The Girl Scouts’ rebrand cements its place as a “hopeful cultural force”

Collins has crafted a rainbow-tinted new visual identity for the 110-year-old organisation, designing branding that “looks girls in the eye”

The Girl Scouts of the USA counts 1.7 million girls as members, spread across 112 independent councils – each of which, up until now, had been designing its own communications.

Collins has been working with the organisation since 2019 to create a new identity that brings its constituent parts together. According to the studio, the goal was to affirm the Girl Scouts’ place as “an unignorable and hopeful cultural force” in the lives of young women.

Collins’ rebrand embraces a neon, rainbow palette, as well as an updated version of the Girl Scouts’ trefoil – which has been in use since the organisation’s founding in 1912. Usually displayed in green, the symbol has been freed up to appear in a huge range of colours.

“It has seen many iterations, ranging from the American Eagle to girls’ silhouettes,” says Collins, adding that its recent simplification “embodies its most potent, iconic essence”.

While that sounds rather earnest, the rest of the branding is exuberant and joyous. Collins looked back at the organisation’s history of patches and badges – which Girl Scouts earn for learning new skills – to design a set of new geometric forms, which are “building blocks for design and interactivity”.

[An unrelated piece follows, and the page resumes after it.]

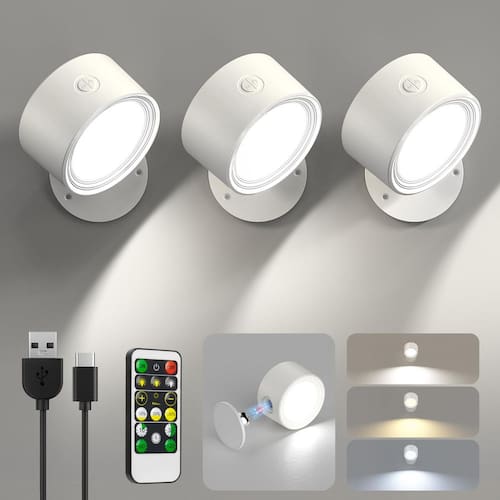 Luzes LED de parede Lightbiz Lâmpadas de parede e arandelas com design simples, mas amplamente aplicação: Este candeeiro de parede universal é criatividade, arte, simplicidade e personalidade. É amplamente utilizado em cabeceira, guarda-roupas, Paredes de TV, salas de estar, quartos, escadas, corredores, armário, armário, banheira, corredor. As lâmpadas também podem ser usadas como lanterna, luz removível, luz portátil, luz de emergência. As lâmpadas LED para montagem em parede interna são perfeitas para ler, trabalhar, estudar, maquiagem. NOTA: Instale o suporte da lâmpada primeiro e cole-o à parede por pelo menos 4 horas antes de instalar o corpo da lâmpada. Clima úmido, parede irregular ou poeira podem afetar o desempenho de ligação do suporte da lâmpada. Duas formas de instalação para esta luminária magnética de parede: 1. Vem com suporte magnético e adesivo 3M forte. Retire a fita adesiva na parte inferior do suporte da lâmpada, use adesivo forte para instalar o suporte em uma superfície lisa e limpa e, em seguida, use magnetismo para absorver e instalar o corpo da lâmpada. 2. Vem com parafusos e furos no suporte da lâmpada. Se a superfície da lâmpada que você está instalando não for lisa e limpa, você pode usar parafusos para reforçar a instalação. Informações do produto: Temperatura de cor: 3000K-4500K-6000K Potência: 4W Capacidade da bateria: 3000mAh Tensão: DC 5V 1A Material: Plástico/metal Método de controle: Botão/controle remoto Tempo de carga total: cerca de 4 horas Carregamento: Luz vermelha Totalmente carregado: Luz verde Cuidado: Antes de usar o adesivo 3M para instalação, certifique-se de que a superfície que está sendo instalada esteja limpa, plana e lisa. Caso contrário, isso afetará o desempenho do adesivo 3M e fará com que a lâmpada caia. Use parafusos cuidadosamente para reforço de instalação, pois isso inevitavelmente danificará a superfície que está sendo instalada. Acessórios: Corpo da lâmpada x 3 Suporte de lâmpada x 3 2 cabos de carregamento USB-C Controle remoto x 2 1 manual do utilizador (sem garantia de versão em português). - Luzes LED recarregáveis montadas na parede. Lâmpadas Lightbiz LED montadas na parede com uma bateria recarregável de 3000 mAh. O tempo de trabalho após a carga total é determinado com base no brilho. Totalmente carregado em menos de 4 horas pode funcionar por até 24 horas em brilho médio, o brilho máximo é de até 15 horas. Arandelas de parede portáteis sem fio com porta de carregamento USB-C. NOTA: Instale o suporte da lâmpada primeiro e cole-o à parede por pelo menos 4 horas antes de instalar o corpo da lâmpada. Clima úmido, parede irregular ou poeira podem afetar o desempenho de ligação do suporte da lâmpada. - Luzes de parede LED com botão e controle remoto. Dois métodos de controle para estas luzes magnéticas de parede que são controle de botão e controle remoto. A arandela de parede Lightbiz LED também vem com um controle remoto. Elimina o incômodo de controle de botão. Você pode concluir todas as configurações através do controle remoto: ON/OFF; interruptor de temperatura de 3 cores; ajuste de brilho e tempo. - 3 arandelas de parede com temperatura de cor e reguláveis. Controle de botão e controle remoto podem mudar a temperatura da cor (3000K-4500K-6000K). Também há duas maneiras de escurecer estas luzes magnéticas de parede. Controle de botão: Stepless (pressione longo). Controle remoto: ?stepless (Button"+"&"-"); ?4 níveis: 10%, 40%, 80%, 100%. Você pode escolher a temperatura da cor e o brilho com base em diferentes cenários de uso. - Bola magnética de rotação livre de 360°. Esta luminária de cabeceira usa tecnologia magnética. O corpo da lâmpada e o suporte da lâmpada são absorvidos por uma bola de ferro magnética, para que o corpo da lâmpada possa girar em qualquer ângulo. Você pode tirá-lo da parede em 1s e usá-lo como lanterna, luz removível, luz portátil, luz de emergência etc. Ajuste qualquer ângulo de acordo com o seu cenário de uso. - Fácil de instalar. A lâmpada de parede LED é uma instalação sem ferramentas: Estas luzes de leitura de parede LED vêm com suporte magnético e adesivo 3M forte. É fácil remover a luz do suporte magnético para carregar. (Mas também vêm com parafuso, se você quiser fixar permanentemente a lâmpada em uma determinada posição, você pode usar montagem de parafuso.) - Serviços de aplicação e Lightbiz Nossa lâmpada de parede multifuncional universal tem design pequeno e simples, mas moderno e amplamente aplicado. Esta luminária magnética de parede é amplamente utilizada em guarda-roupas, paredes de TV, cabeceira, corredor, armário, armário, escadas, quartos, escadas e corredores. É super brilhante, mas atraente, perfeito para ler, trabalhar, estudar, maquiagem. Sinta-se à vontade para entrar em contato conosco para qualquer problema do produto. Melhor luz, vida melhor!
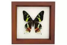 巴黎翠凤蝶中型凤蝶,躯体黑褐色,散布绿色亮鳞。后翅M3脉端有一明显叶状尾突。翅背面底色黑褐色,密布亮鳞,后翅前侧有一枚蓝绿色亮斑,与后翅中央之绿色亮线连接。后翅臀区有一紫红色圈纹。翅腹面底色褐色,于…全部>>

Comprising a huge range of shapes including shields, half barrels, flower, hearts, octagons and pennants, these motifs are used to create a common language for the Girl Scouts’ branding. A new custom typeface, designed by Positype and entitled Girl Scouts Serif, also creates consistency across comms.

Finally, to bring the brand up to date for a younger generation, Collins has overhauled its apparel and merchandise, blending vintage styles with contemporary design.